▸ WORK REQUIRED
From the data below, return the exact lines starting at the line containing "Spiral notebook with" and ending at the line containing "Dřevěná stavebnice inspirována", both included, and nothing else.

▸ EXTRACTED RECORDS
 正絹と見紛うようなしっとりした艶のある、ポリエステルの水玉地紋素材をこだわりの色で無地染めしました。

...

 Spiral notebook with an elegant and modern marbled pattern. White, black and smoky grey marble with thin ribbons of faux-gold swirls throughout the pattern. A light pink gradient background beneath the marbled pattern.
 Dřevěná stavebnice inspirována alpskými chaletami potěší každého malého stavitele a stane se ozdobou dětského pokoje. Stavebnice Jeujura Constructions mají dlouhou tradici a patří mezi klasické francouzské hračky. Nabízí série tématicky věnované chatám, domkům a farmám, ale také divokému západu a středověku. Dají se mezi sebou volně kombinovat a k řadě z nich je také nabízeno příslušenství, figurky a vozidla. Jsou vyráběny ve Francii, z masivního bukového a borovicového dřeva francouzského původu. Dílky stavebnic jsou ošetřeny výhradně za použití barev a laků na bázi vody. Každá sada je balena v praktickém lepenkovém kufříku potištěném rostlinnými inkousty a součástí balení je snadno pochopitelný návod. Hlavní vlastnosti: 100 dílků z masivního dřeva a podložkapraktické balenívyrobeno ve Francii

▸ COMPLETED EXERCISE
 Spiral notebook with an elegant and modern marbled pattern. White, black and smoky grey marble with thin ribbons of faux-gold swirls throughout the pattern. A light pink gradient background beneath the marbled pattern.
 Dřevěná stavebnice inspirována alpskými chaletami potěší každého malého stavitele a stane se ozdobou dětského pokoje. Stavebnice Jeujura Constructions mají dlouhou tradici a patří mezi klasické francouzské hračky. Nabízí série tématicky věnované chatám, domkům a farmám, ale také divokému západu a středověku. Dají se mezi sebou volně kombinovat a k řadě z nich je také nabízeno příslušenství, figurky a vozidla. Jsou vyráběny ve Francii, z masivního bukového a borovicového dřeva francouzského původu. Dílky stavebnic jsou ošetřeny výhradně za použití barev a laků na bázi vody. Každá sada je balena v praktickém lepenkovém kufříku potištěném rostlinnými inkousty a součástí balení je snadno pochopitelný návod. Hlavní vlastnosti: 100 dílků z masivního dřeva a podložkapraktické balenívyrobeno ve Francii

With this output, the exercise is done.